# [Assignment]
Nothing outside the range below should be printed. Output exactly the lines from the line with "After cost analysis" to the line with "To get to a", both included.

# [Material for the task]
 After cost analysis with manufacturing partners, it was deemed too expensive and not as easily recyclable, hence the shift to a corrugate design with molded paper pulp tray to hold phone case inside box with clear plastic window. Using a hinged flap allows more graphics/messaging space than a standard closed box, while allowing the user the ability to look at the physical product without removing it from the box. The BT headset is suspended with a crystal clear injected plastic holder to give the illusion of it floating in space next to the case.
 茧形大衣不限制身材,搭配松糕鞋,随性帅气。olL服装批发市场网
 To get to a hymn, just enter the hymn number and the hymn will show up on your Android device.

--

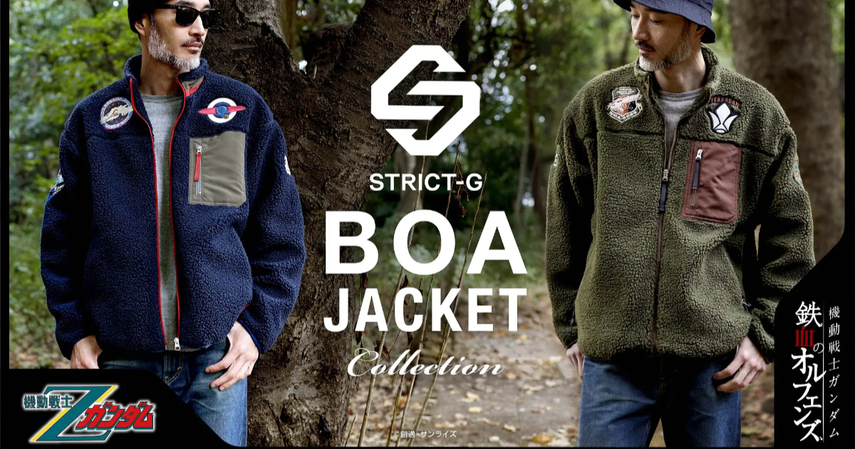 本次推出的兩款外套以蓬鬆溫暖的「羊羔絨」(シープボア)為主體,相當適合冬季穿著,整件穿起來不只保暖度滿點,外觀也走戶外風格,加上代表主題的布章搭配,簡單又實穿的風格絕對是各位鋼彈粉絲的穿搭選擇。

==

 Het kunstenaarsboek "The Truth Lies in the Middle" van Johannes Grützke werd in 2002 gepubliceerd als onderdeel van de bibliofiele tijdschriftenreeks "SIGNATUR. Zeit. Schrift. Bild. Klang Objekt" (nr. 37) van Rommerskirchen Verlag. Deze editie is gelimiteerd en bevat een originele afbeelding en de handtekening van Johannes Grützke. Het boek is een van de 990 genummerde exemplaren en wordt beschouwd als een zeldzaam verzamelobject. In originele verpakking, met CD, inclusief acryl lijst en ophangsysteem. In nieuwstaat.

# [Response to this exercise]
 After cost analysis with manufacturing partners, it was deemed too expensive and not as easily recyclable, hence the shift to a corrugate design with molded paper pulp tray to hold phone case inside box with clear plastic window. Using a hinged flap allows more graphics/messaging space than a standard closed box, while allowing the user the ability to look at the physical product without removing it from the box. The BT headset is suspended with a crystal clear injected plastic holder to give the illusion of it floating in space next to the case.
 茧形大衣不限制身材,搭配松糕鞋,随性帅气。olL服装批发市场网
 To get to a hymn, just enter the hymn number and the hymn will show up on your Android device.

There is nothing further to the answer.